[Records for this exercise — start]

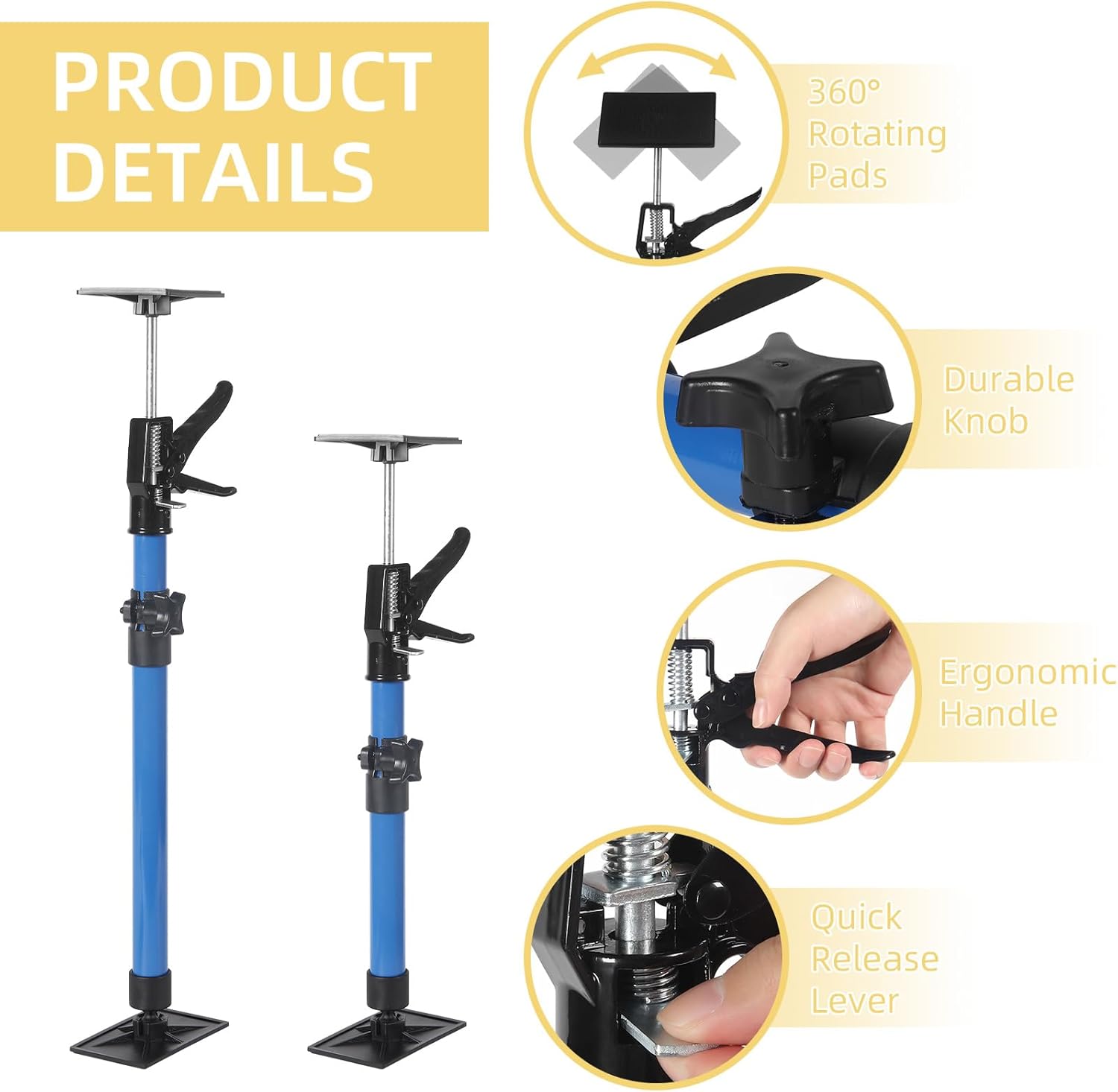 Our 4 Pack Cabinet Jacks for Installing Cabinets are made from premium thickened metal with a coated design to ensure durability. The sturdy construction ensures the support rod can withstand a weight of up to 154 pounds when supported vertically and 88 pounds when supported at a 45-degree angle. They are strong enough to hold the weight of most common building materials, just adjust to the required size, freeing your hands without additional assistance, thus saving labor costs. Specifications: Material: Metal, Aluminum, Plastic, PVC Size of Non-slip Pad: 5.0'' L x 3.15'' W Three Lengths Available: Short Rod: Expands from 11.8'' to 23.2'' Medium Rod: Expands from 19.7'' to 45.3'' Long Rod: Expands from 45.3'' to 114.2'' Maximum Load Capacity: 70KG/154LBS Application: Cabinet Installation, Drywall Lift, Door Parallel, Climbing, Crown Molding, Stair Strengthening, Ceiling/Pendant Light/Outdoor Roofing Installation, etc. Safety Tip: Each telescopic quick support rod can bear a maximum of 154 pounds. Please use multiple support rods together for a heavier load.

[Records for this exercise — finish]
[Records for this exercise — start]

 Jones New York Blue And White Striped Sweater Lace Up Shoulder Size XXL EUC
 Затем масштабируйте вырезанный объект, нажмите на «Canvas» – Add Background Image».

[Records for this exercise — finish]

» **Task directions**
Of the entries above, repeat exactly the lines between the line with "Jones New York" and the line with "Затем масштабируйте вырезанный", inclusive, and no others.

» **Result**
 Jones New York Blue And White Striped Sweater Lace Up Shoulder Size XXL EUC
 Затем масштабируйте вырезанный объект, нажмите на «Canvas» – Add Background Image».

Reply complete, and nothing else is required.